[[ Source information open ]]

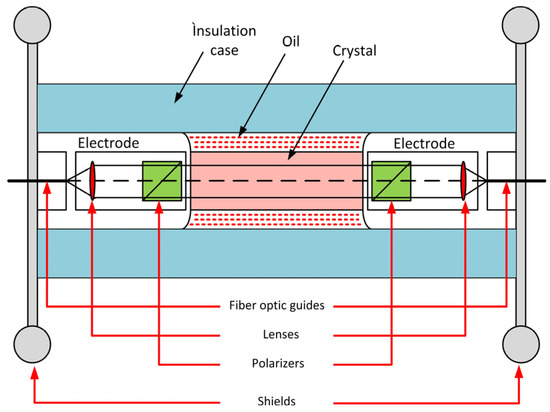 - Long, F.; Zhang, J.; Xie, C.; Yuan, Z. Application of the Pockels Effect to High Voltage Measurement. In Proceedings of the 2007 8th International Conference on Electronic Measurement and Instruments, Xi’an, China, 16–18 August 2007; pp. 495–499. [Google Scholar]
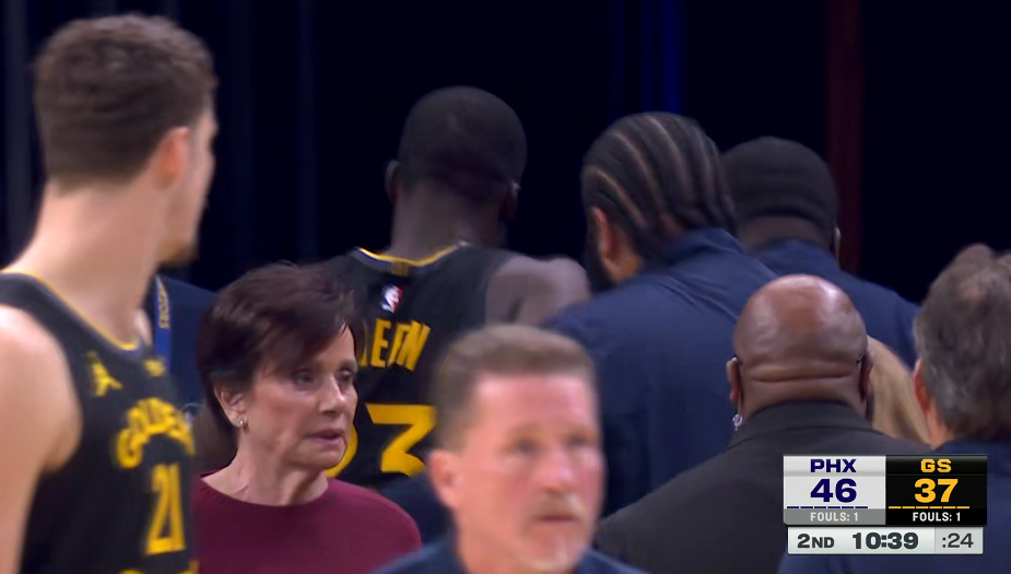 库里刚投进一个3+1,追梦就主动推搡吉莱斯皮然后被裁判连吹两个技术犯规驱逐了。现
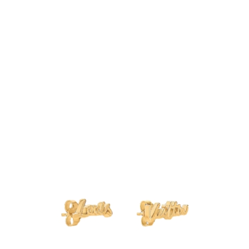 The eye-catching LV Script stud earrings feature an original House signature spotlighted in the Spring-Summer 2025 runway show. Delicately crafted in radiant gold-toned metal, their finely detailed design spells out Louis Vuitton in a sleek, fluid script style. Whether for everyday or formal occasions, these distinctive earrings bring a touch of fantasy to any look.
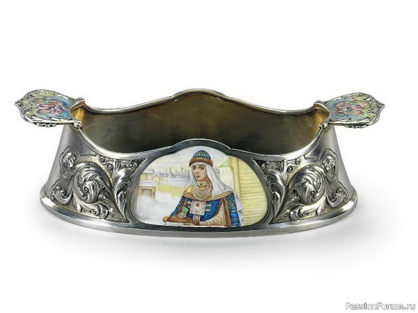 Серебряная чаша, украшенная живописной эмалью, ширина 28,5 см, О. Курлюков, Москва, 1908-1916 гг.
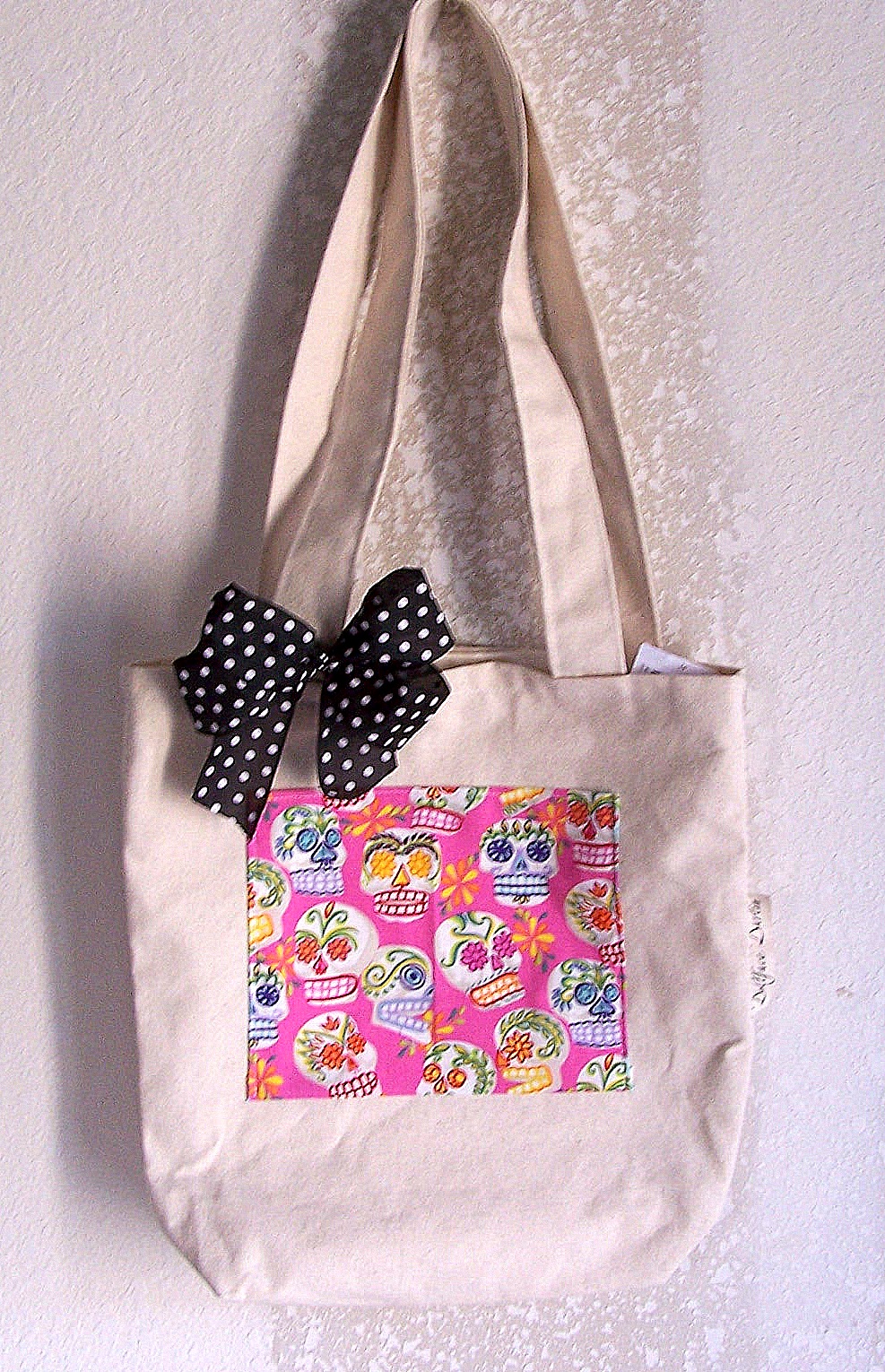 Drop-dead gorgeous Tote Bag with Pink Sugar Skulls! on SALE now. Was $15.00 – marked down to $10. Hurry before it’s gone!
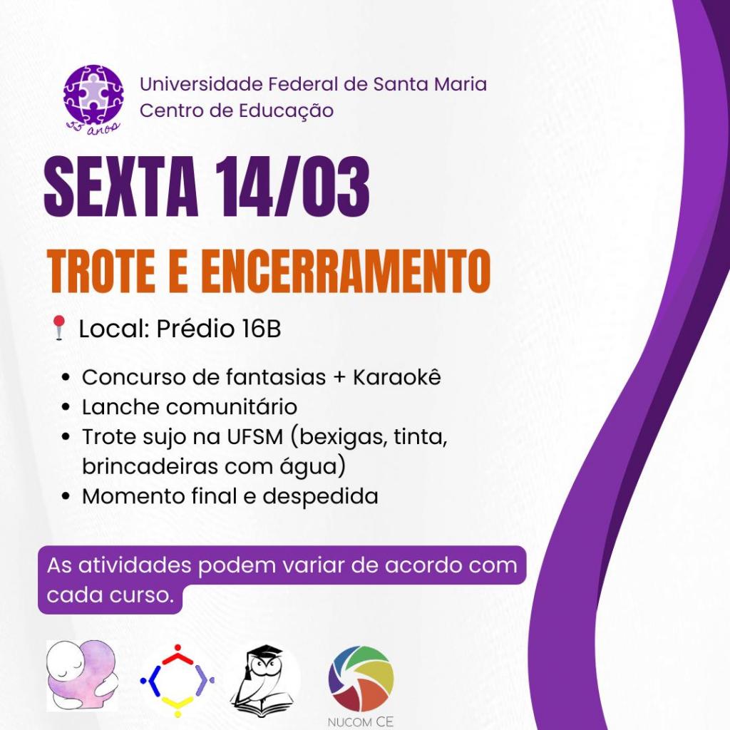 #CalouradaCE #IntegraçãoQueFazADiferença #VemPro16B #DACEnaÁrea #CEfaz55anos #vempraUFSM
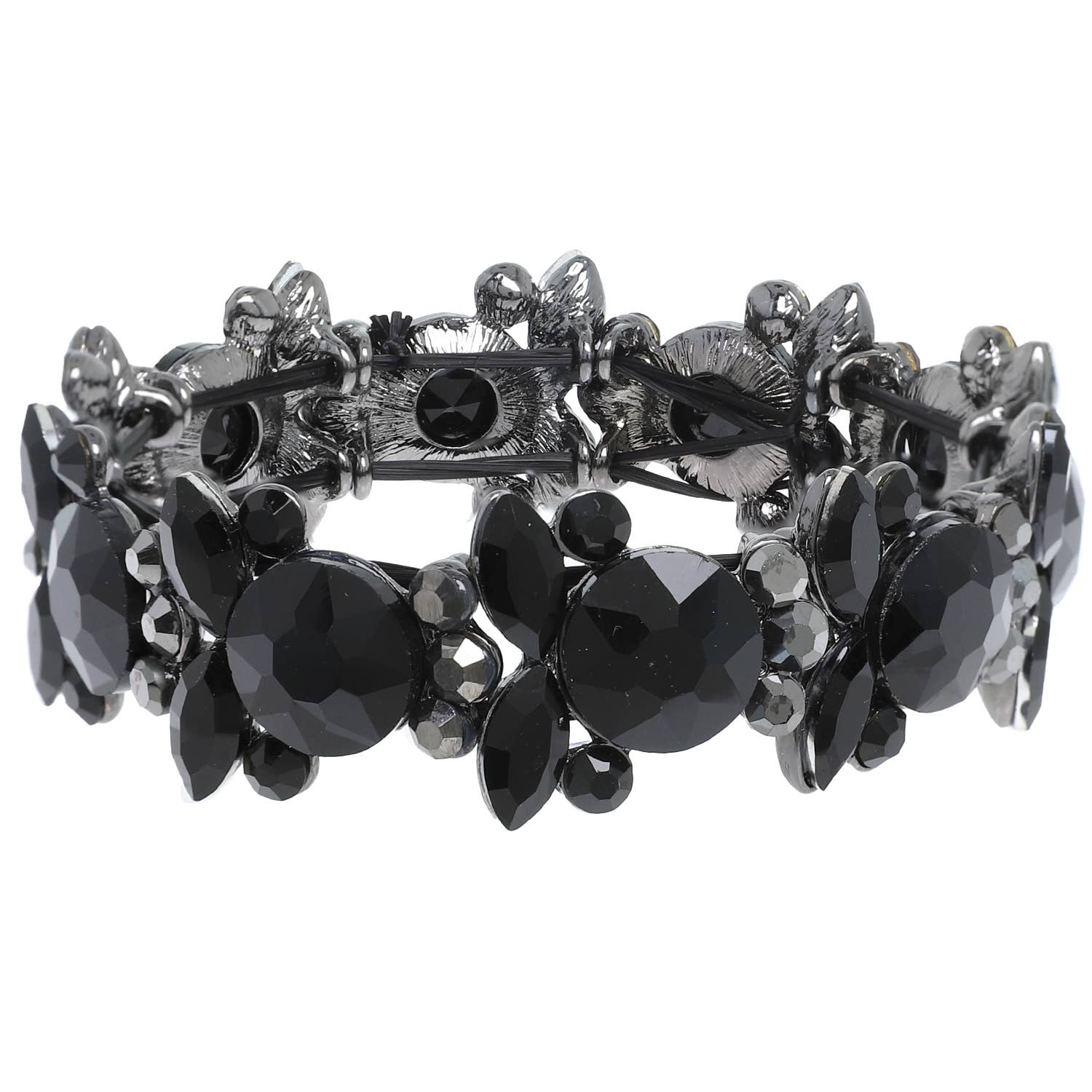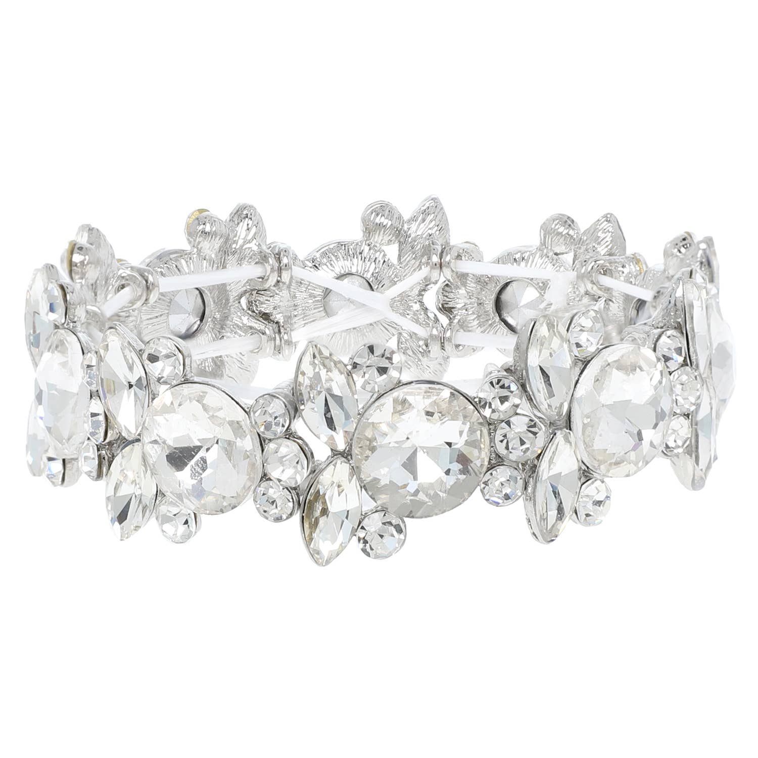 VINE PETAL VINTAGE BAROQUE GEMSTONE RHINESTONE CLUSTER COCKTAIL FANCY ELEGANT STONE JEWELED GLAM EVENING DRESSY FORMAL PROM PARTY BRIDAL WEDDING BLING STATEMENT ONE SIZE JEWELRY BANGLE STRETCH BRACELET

[[ Source information closed ]]
[[ Source information open ]]

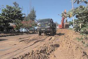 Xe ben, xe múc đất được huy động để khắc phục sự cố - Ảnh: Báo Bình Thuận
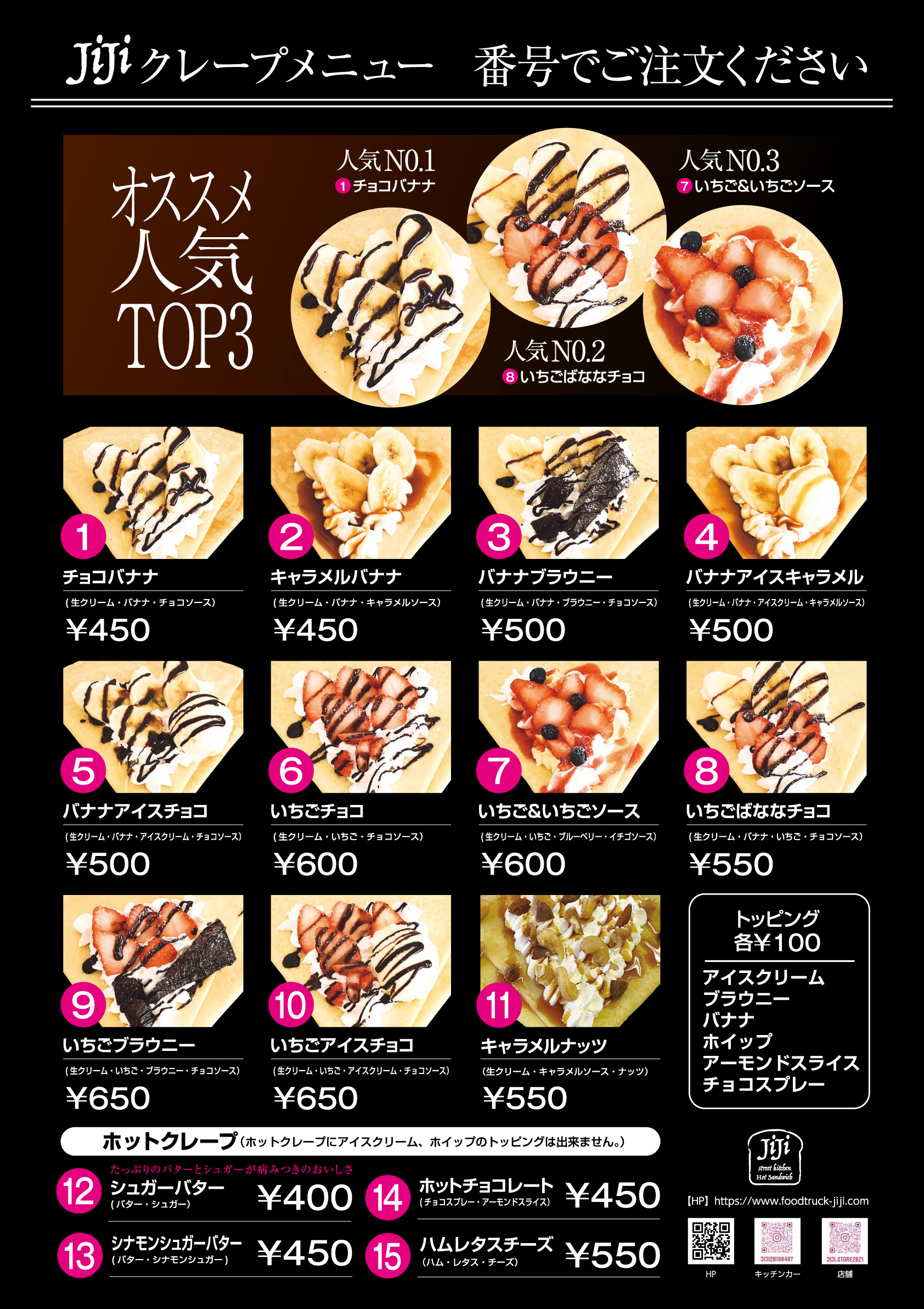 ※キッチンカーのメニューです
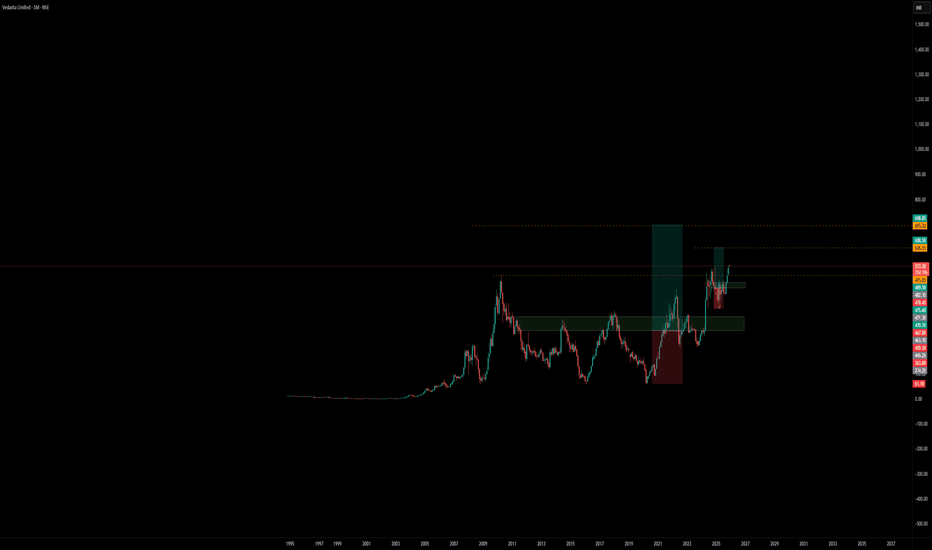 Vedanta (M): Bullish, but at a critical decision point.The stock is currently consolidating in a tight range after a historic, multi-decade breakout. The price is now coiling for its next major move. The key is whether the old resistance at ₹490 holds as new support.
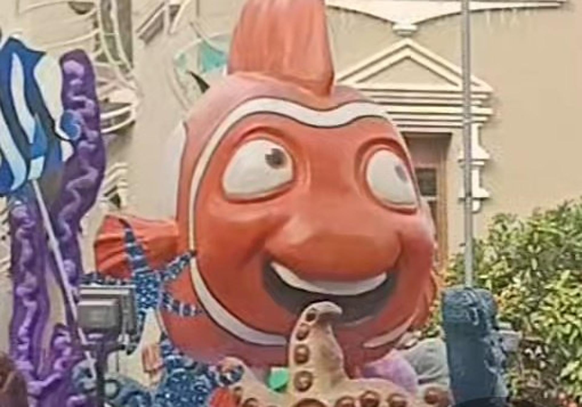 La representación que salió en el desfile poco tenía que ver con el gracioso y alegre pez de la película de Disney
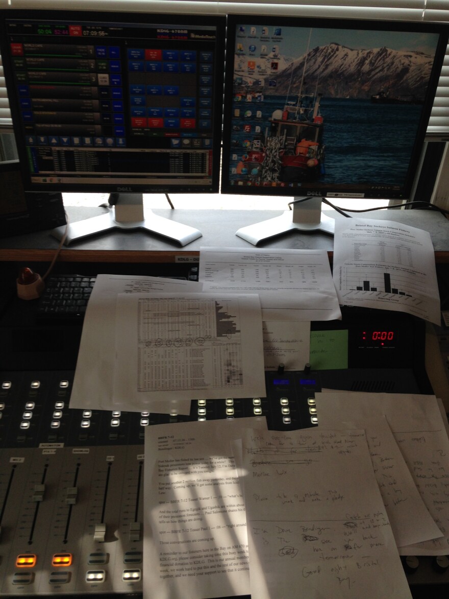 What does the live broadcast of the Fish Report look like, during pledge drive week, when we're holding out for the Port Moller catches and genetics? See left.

[[ Source information closed ]]

■ Work instruction:
Reproduce the entries exactly, from the line with "- Long, F.;" to the line with "库里刚投进一个3+1,追梦就", both lines included, keeping no pictures.

■ Response box:
 - Long, F.; Zhang, J.; Xie, C.; Yuan, Z. Application of the Pockels Effect to High Voltage Measurement. In Proceedings of the 2007 8th International Conference on Electronic Measurement and Instruments, Xi’an, China, 16–18 August 2007; pp. 495–499. [Google Scholar]
 库里刚投进一个3+1,追梦就主动推搡吉莱斯皮然后被裁判连吹两个技术犯规驱逐了。现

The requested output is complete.